- Items listed in a dataset
◆ ◆ ◆ ◆ ◆

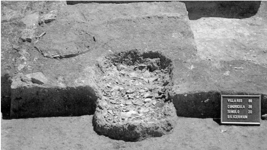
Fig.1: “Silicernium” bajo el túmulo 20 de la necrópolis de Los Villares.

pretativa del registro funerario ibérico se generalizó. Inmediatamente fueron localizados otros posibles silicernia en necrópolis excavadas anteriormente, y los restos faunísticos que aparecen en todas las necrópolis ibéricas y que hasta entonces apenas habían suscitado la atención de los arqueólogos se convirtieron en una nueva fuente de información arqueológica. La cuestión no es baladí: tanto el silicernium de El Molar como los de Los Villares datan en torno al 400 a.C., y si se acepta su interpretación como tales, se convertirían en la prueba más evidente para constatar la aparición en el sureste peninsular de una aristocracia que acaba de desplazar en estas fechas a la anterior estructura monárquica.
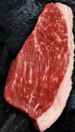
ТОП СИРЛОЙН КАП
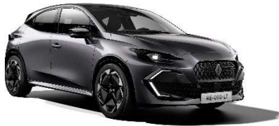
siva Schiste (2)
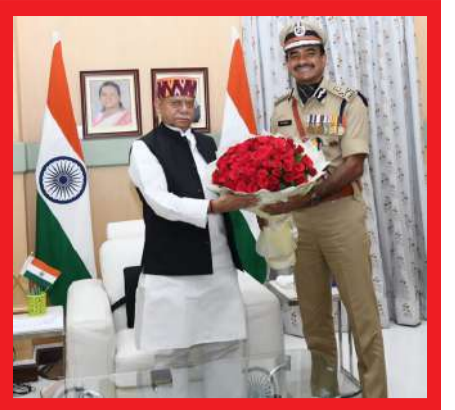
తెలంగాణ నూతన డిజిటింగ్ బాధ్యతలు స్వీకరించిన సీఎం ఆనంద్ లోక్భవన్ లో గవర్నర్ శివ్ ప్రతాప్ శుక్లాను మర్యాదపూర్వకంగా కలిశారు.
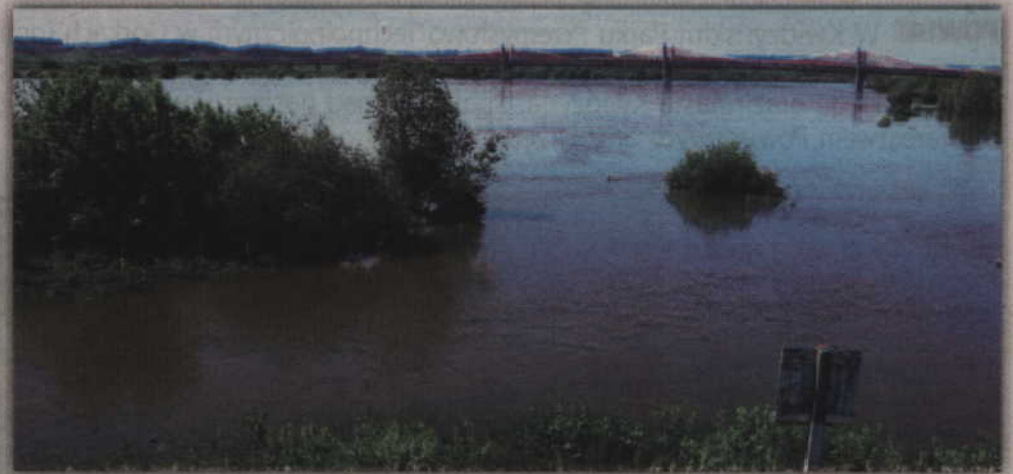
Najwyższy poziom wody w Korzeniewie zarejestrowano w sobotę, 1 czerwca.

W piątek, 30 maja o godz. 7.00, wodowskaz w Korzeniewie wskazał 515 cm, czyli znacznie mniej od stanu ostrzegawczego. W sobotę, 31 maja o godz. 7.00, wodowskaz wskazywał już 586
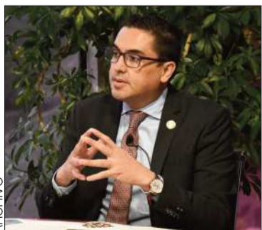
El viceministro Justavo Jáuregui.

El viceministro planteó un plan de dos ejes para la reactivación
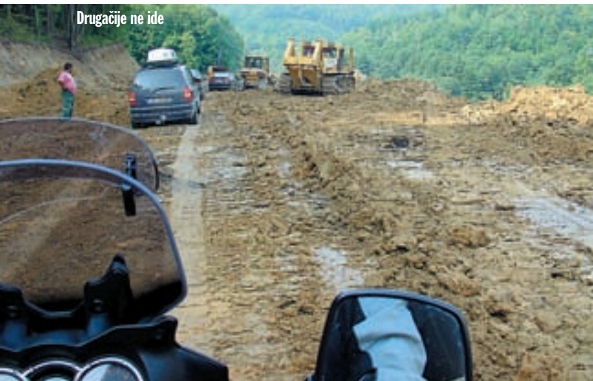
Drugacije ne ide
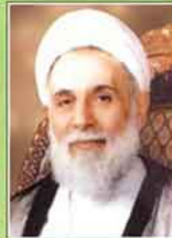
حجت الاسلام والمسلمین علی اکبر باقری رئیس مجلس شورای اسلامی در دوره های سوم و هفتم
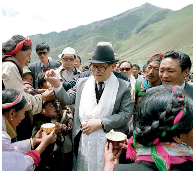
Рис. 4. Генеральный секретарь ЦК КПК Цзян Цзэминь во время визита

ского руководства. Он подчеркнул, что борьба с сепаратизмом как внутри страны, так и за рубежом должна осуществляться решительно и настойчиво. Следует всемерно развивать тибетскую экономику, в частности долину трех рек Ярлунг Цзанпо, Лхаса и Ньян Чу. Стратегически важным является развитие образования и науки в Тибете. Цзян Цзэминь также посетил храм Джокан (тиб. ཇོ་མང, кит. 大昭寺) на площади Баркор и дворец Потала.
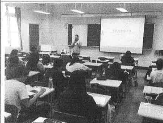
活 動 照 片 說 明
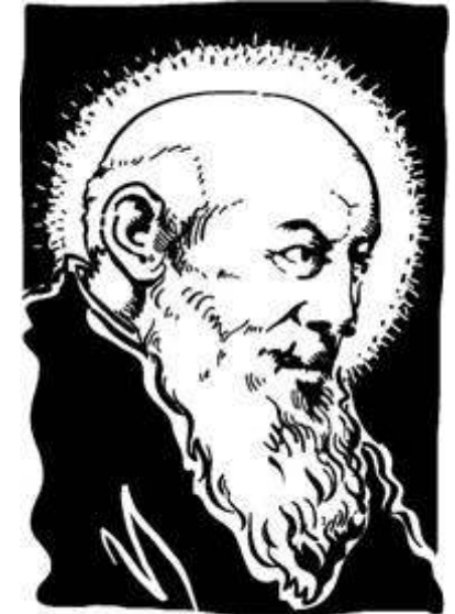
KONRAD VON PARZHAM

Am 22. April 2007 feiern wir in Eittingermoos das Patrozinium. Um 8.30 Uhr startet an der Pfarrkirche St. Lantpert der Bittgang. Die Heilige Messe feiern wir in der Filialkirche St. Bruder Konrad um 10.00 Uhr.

◆ ◆ ◆ ◆ ◆

- Problem to solve
From the opening line of the entries, copy each line exactly until the line with "siva Schiste (2)", which is copied as well; leave out pictures.

- The completed task
Fig.1: “Silicernium” bajo el túmulo 20 de la necrópolis de Los Villares.

pretativa del registro funerario ibérico se generalizó. Inmediatamente fueron localizados otros posibles silicernia en necrópolis excavadas anteriormente, y los restos faunísticos que aparecen en todas las necrópolis ibéricas y que hasta entonces apenas habían suscitado la atención de los arqueólogos se convirtieron en una nueva fuente de información arqueológica. La cuestión no es baladí: tanto el silicernium de El Molar como los de Los Villares datan en torno al 400 a.C., y si se acepta su interpretación como tales, se convertirían en la prueba más evidente para constatar la aparición en el sureste peninsular de una aristocracia que acaba de desplazar en estas fechas a la anterior estructura monárquica.
ТОП СИРЛОЙН КАП
siva Schiste (2)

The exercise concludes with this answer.